◇ ◇ ◇


 重厚感溢れる扉を潜った先で俺を出迎えたのは、どこか浮世離れした男女だった。

「いらっしゃい」

 黒髪の女が微笑む。滅多に見ないレベルの美人だ。どこの集団に属しても男達からマドンナと持て囃されるだろう。それよりも俺の気を引いたのは、赤毛の男が持つ本だった。

「おや、この子が気になります?」

 視線に気づいた赤毛の男が柔らかく微笑む。かなり若く見えるが、俺より少し歳下の学生だろうか。随分とハイカラな装いだ。

「ご覧になっては如何?」

 黒髪の女に促され、男から本を受け取る。それは浦島太郎の絵本。確か、いじめられていた亀を助けた浦島が竜宮城に招かれてもてなしを受けるも、家に帰るとそこは見知らぬ未来になっていた、そんな話だった。子供の頃は母親にせがんで読み聞かせてもらっていたな。

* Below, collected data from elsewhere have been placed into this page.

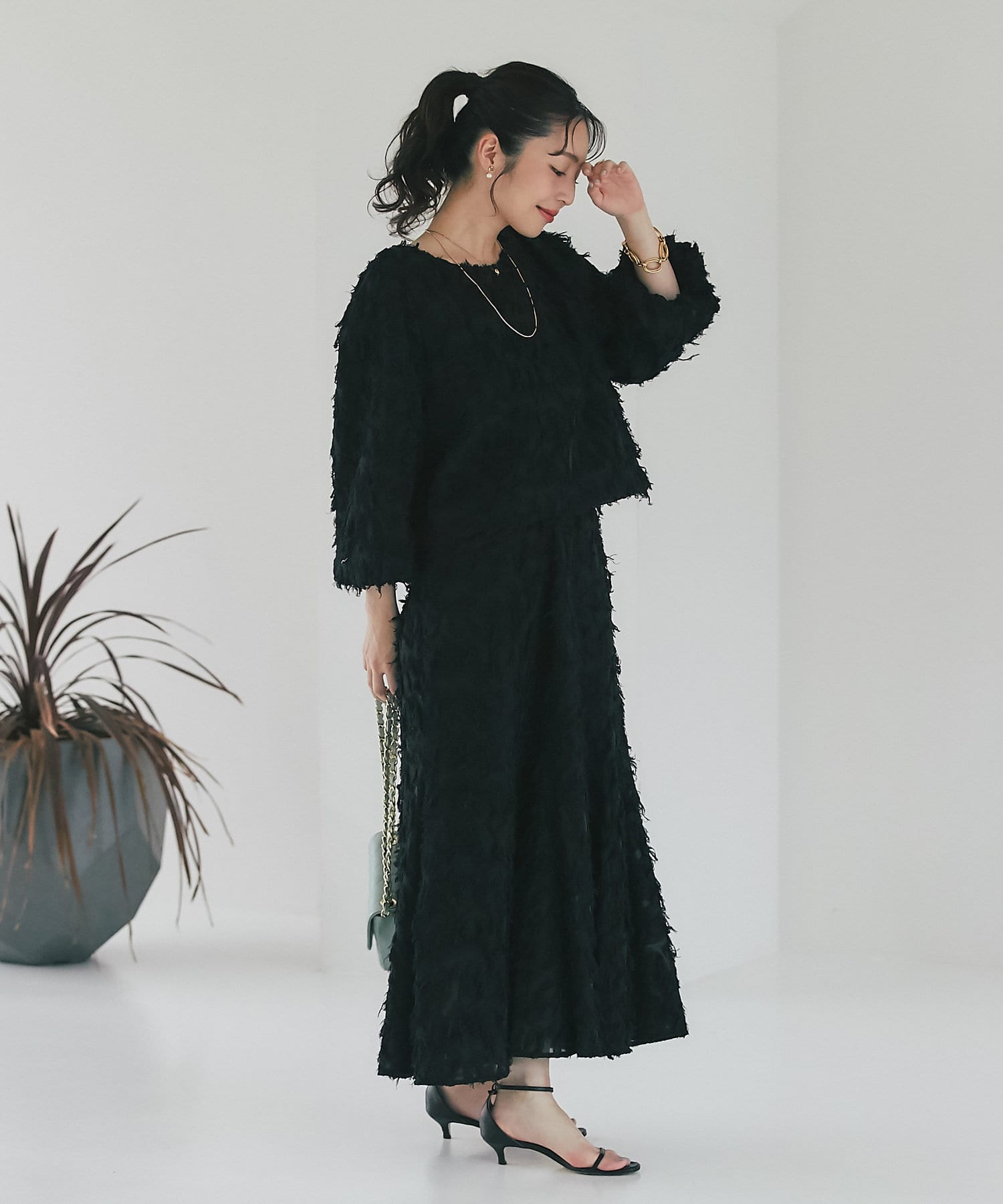 同素材のスカートとセットアップで着用すれば特別感のある上品スタイルが完成。
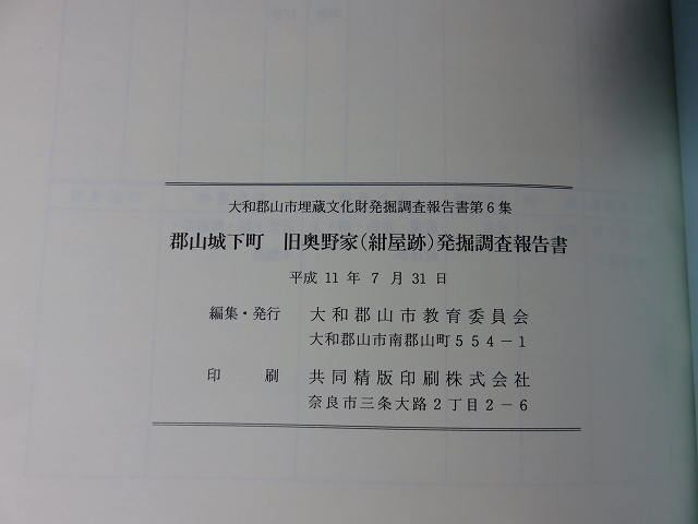 郡山城下町 旧奥野家(紺屋跡)発掘調査報告書:大和郡山市埋蔵文化財発掘調査報告書第6集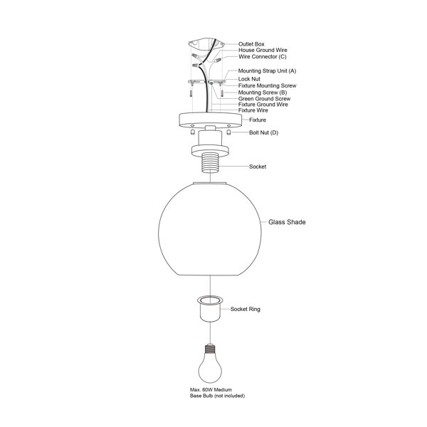 Uses 1 x 60 watt E26 medium base bulb (not included); LED compatible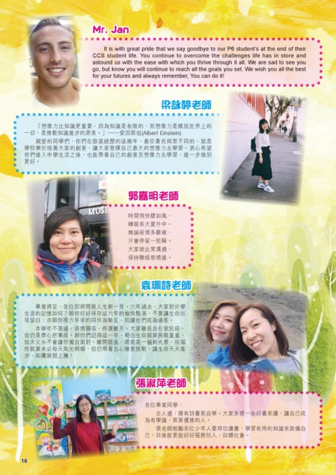 學校樂於培養大家的創意,讓大家發揮自己最大的想像力去學習。衷心希望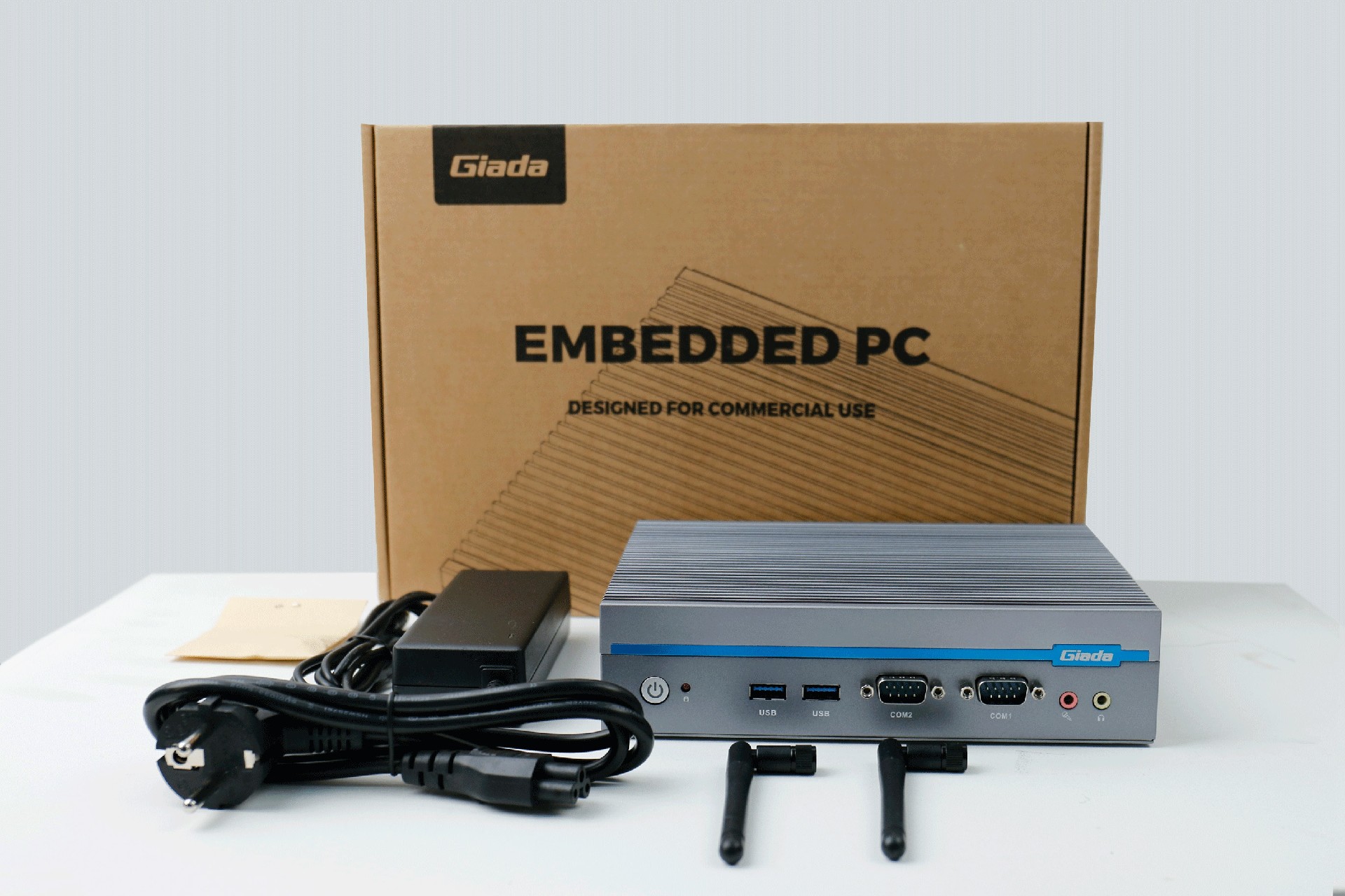 嵌入式整机AE613外包装采用环保材料设计,内部配备适配器、AC线、天线棒、螺丝包,满足通用需求,整机外观机壳顶面采用一体式铝板增高的鳍片散热设计,整机结构采用全铝设计保证散热与抗压性,通过k8凯发特有无风扇静音散热设计使整体散热效果非常优秀,同时营造出极致安静的工作和使用环境,无噪音,更防尘。

 しかし浦島太郎とは……奇遇にも今の俺にお誂え向きな本だ。

「なあ、アンタらは俺が浦島太郎と同じ状況になってると聞いて信じてくれるか?」

 つい、そんなことを口走っていた。案の定、怪訝な視線が俺を刺す。

「同じ状況?」

「ああ。浦島が竜宮城から帰ってきたら自分が住んでいた町が見知らぬ世界になっていただろ。あれは竜宮城が現実の世界より時間の流れが遅いために浦島だけ歳を取らずに世界に取り残された訳だが、俺もこの頃似たような経験をしてる。いつの間にか知らない場所にいるんだ」

 こうなりゃヤケだ。見知らぬ相手にペラペラと自分の悩みを打ち明けていた。

「記憶喪失のようなものですかね? 頭を強く打ったとか、そんなことは?」

「いや、俺は至って健康そのものだ。まだまだボケる歳でもないしな。なのに、ふと気づくと周りの風景が見たことないものに変わっている」

 いつも通り出勤しているはずなのだ。なのに突然違う世界に迷い出てしまったような。知らない土地で知らない人々の中に放り込まれたみたいで、酷く心細い。家に帰ろうにも、土地勘もない見知らぬ場所からどうやって帰ればいいのか見当もつかない。

 ここに立ち寄ったのもそうだ。気づけば見知らぬ街並みにいて、道を尋ねるために目についたこの店に入った。いったい自分はどうしてしまったのだろう。知らぬ間に竜宮城に迷い込んでいて、未来の世界に取り残されたのだろうか――

「お客様は浦島太郎の物語をご存知ですよね。ならば、竜宮城から戻った浦島がどうしたかも知っているのでは?」

 勿論知っている。俺は頷いた。乙姫から土産にと手渡された玉手箱を開けた……。

「この本はお客様にとっての玉手箱です。差し上げますのでどうしても耐え切れなくなった時だけ本を開いてみてください。構わないな、瀬戸?」

 瀬戸と呼ばれた赤毛の男は頷いた。

「ええ、この子も貴方に読んでいただいた方が嬉しそうですから」

 俺を出迎えたのは絢爛なタイやヒラメの舞い踊りではなく本の壁。そして玉手箱ではなく本を手土産に帰路についた。